2.2. En l'espèce, l'expertise rendue dans la procédure parallèle était manifestement inconnue du MP lorsqu'il a rendu l'ordonnance dont la révision est demandée. Cette expertise démontre que le demandeur était totalement irresponsable lors des faits qualifiés d'infraction à l'art. 119 LEI et qu'il était hospitalisé sous contrainte pendant l'essentiel de la période pénale relative à l'infraction à l'art. 115 al. 1 let. b LEI.
Il convient partant d'admettre la demande de révision, d'annuler l'ordonnance pénale du 13 janvier 2021, de constater que le demandeur en révision a agi en état d'irresponsabilité et de laisser les frais à la charge de l'Etat (art. 428 al. 1 CPP).
Le constat de son irresponsabilité devrait en effet amener au renvoi de la cause au MP pour qu'il soumette à la juridiction compétente un acte d'accusation tendant à ce que cette irresponsabilité soit constatée et une mesure prononcée, sur laquelle la détention serait alors cas échéant imputée.
Une mesure ayant d'ores et déjà été ordonnée, il sera renoncé par économie de procédure à renvoyer la cause. La détention subie dans la présente procédure sera imputée sur la mesure prononcée dans la procédure P/1______/2020, en application de l'art. 51 CP.
PAR CES MOTIFS, LA COUR :
Reçoit la demande de révision de A______ contre l'ordonnance pénale OPMP/5918/2020 du 6 août 2020 du Ministère public dans la procédure P/13990/20.
L'admet.
Annule ladite ordonnance.
Ordonne la radiation de la mention y relative au casier judiciaire.
Constate que A______ a agi en état d'irresponsabilité.
Dit que la détention subie dans le cadre de la présente procédure sera imputée sur la mesure prononcée dans la procédure P/1______/2020.
Laisse les frais à la charge de l'Etat.
Arrête à CHF 1'550.90 (TVA comprise) la rémunération de Me B______, défenseur d'office du demandeur, dans la présente procédure de révision.
Notifie le présent arrêt aux parties.
Le communique, pour information, au Secrétariat d'Etat aux migrations (SEM), à la prison de C______, au Service de l'application des peines et mesures (SAPEM) et à l'Office cantonal de la population et des migrations (OCPM).
Le greffier :
Oscar LÜSCHER
La présidente :
Catherine GAVIN
Indication des voies de recours :
Conformément aux art. 78 ss de la loi fédérale sur le Tribunal fédéral (LTF), le présent arrêt peut être porté dans les trente jours qui suivent sa notification avec expédition complète (art. 100 al. 1 LTF), par-devant le Tribunal fédéral (1000 Lausanne 14), par la voie du recours en matière pénale, sous la réserve qui suit.

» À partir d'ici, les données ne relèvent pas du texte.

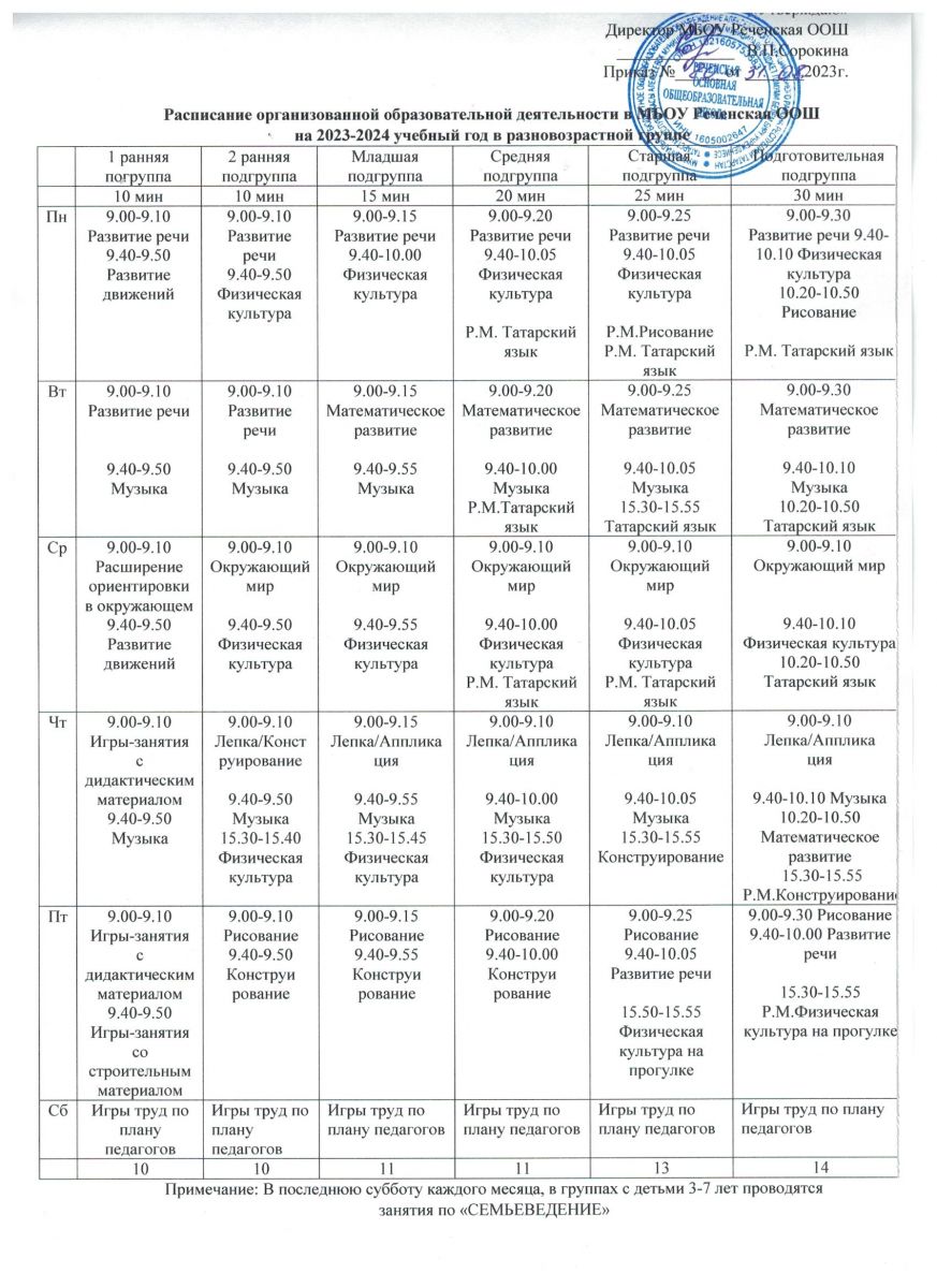 Расписание образовательной деятельности ДО на 2023-2024 учебный год
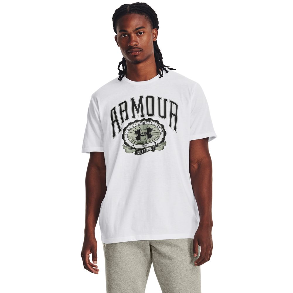UA Collegiate Crest Ss Camiseta Manga Corta blanco de hombre para entrenamiento Referencia:1379537-100 Talla: S

Dans la mesure où il a trait à l'indemnité de l'avocat désigné d'office ou du conseil juridique gratuit pour la procédure d'appel, et conformément aux art. 135 al. 3 let. b CPP et 37 al. 1 de la loi fédérale sur l'organisation des autorités pénales de la Confédération (LOAP), le présent arrêt peut être porté dans les dix jours qui suivent sa notification avec expédition complète (art. 39 al. 1 LOAP, art. 396 al. 1 CPP) par-devant la Cour des plaintes du Tribunal pénal fédéral (6501 Bellinzone).